◆ Assignment:
Reproduce the listing exactly. Omit pictures.

◆ Available data:
--*--
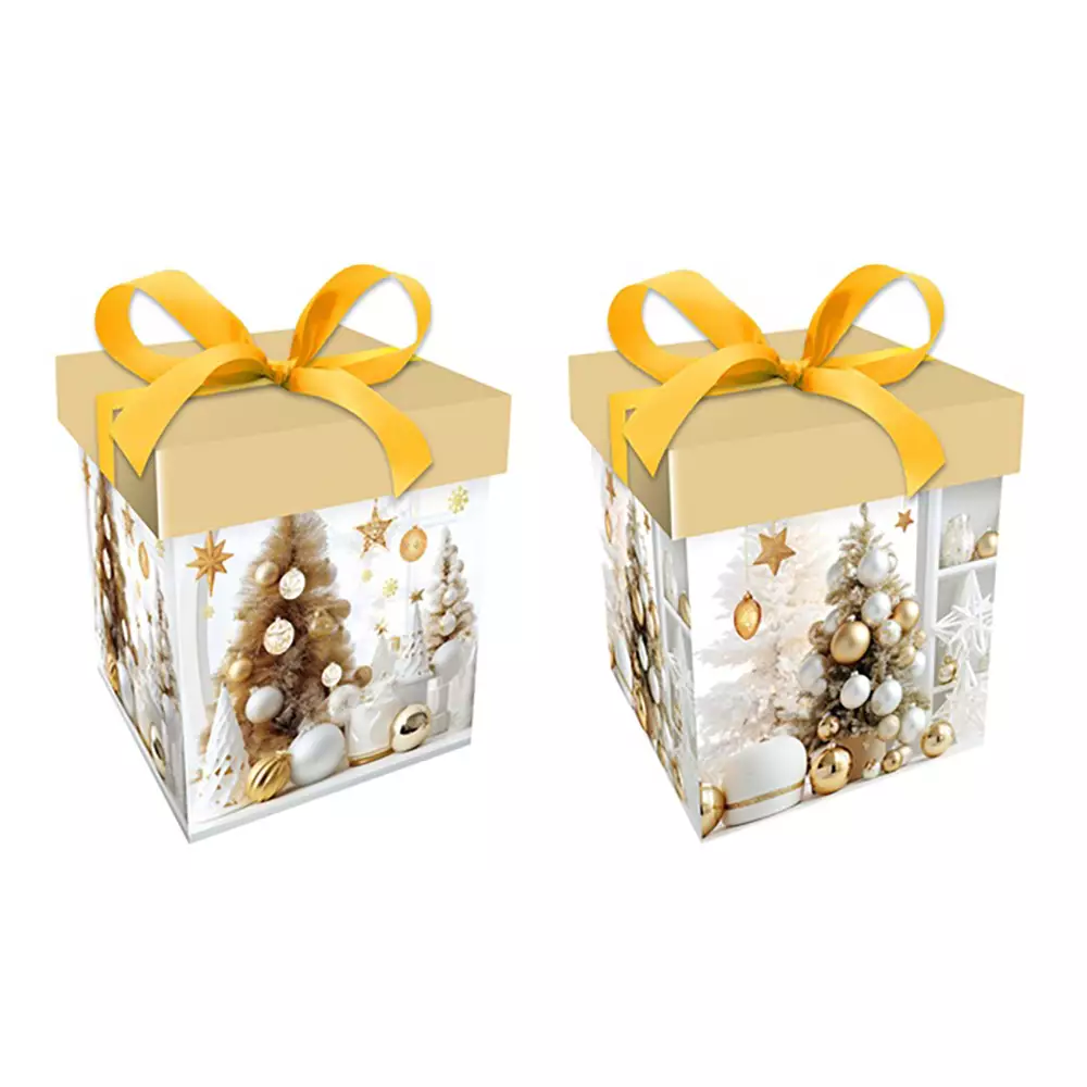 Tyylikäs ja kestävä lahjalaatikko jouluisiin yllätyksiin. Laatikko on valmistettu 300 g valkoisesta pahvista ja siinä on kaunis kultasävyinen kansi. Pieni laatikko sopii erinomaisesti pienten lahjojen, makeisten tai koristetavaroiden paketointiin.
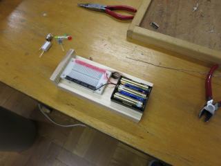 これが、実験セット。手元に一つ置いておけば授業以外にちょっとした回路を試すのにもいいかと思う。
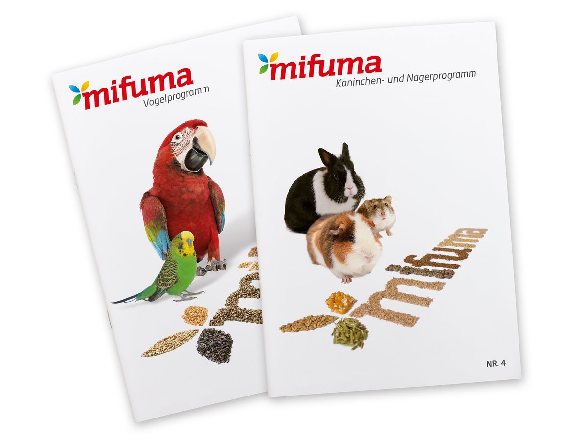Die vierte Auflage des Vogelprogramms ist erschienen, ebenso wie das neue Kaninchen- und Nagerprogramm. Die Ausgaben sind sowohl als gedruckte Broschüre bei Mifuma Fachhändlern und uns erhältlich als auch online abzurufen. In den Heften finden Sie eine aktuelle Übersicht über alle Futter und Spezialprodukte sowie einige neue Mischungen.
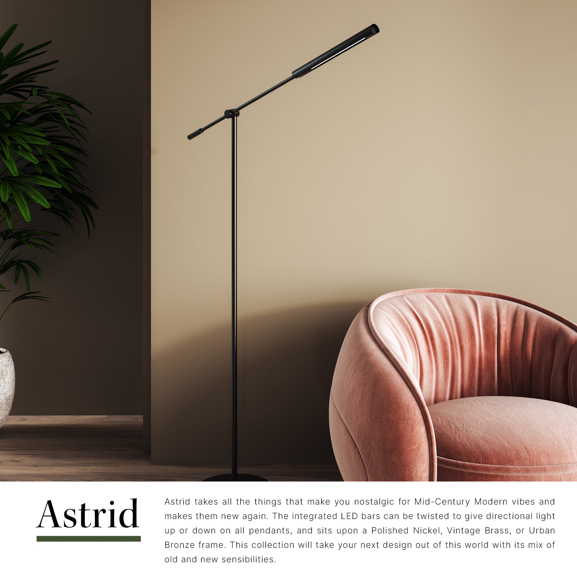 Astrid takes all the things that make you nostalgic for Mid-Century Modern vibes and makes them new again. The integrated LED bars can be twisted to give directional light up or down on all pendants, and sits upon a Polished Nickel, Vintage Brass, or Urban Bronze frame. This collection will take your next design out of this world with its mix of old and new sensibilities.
--*--
◆ Your solution:
 Tyylikäs ja kestävä lahjalaatikko jouluisiin yllätyksiin. Laatikko on valmistettu 300 g valkoisesta pahvista ja siinä on kaunis kultasävyinen kansi. Pieni laatikko sopii erinomaisesti pienten lahjojen, makeisten tai koristetavaroiden paketointiin.
 これが、実験セット。手元に一つ置いておけば授業以外にちょっとした回路を試すのにもいいかと思う。
Die vierte Auflage des Vogelprogramms ist erschienen, ebenso wie das neue Kaninchen- und Nagerprogramm. Die Ausgaben sind sowohl als gedruckte Broschüre bei Mifuma Fachhändlern und uns erhältlich als auch online abzurufen. In den Heften finden Sie eine aktuelle Übersicht über alle Futter und Spezialprodukte sowie einige neue Mischungen.
 Astrid takes all the things that make you nostalgic for Mid-Century Modern vibes and makes them new again. The integrated LED bars can be twisted to give directional light up or down on all pendants, and sits upon a Polished Nickel, Vintage Brass, or Urban Bronze frame. This collection will take your next design out of this world with its mix of old and new sensibilities.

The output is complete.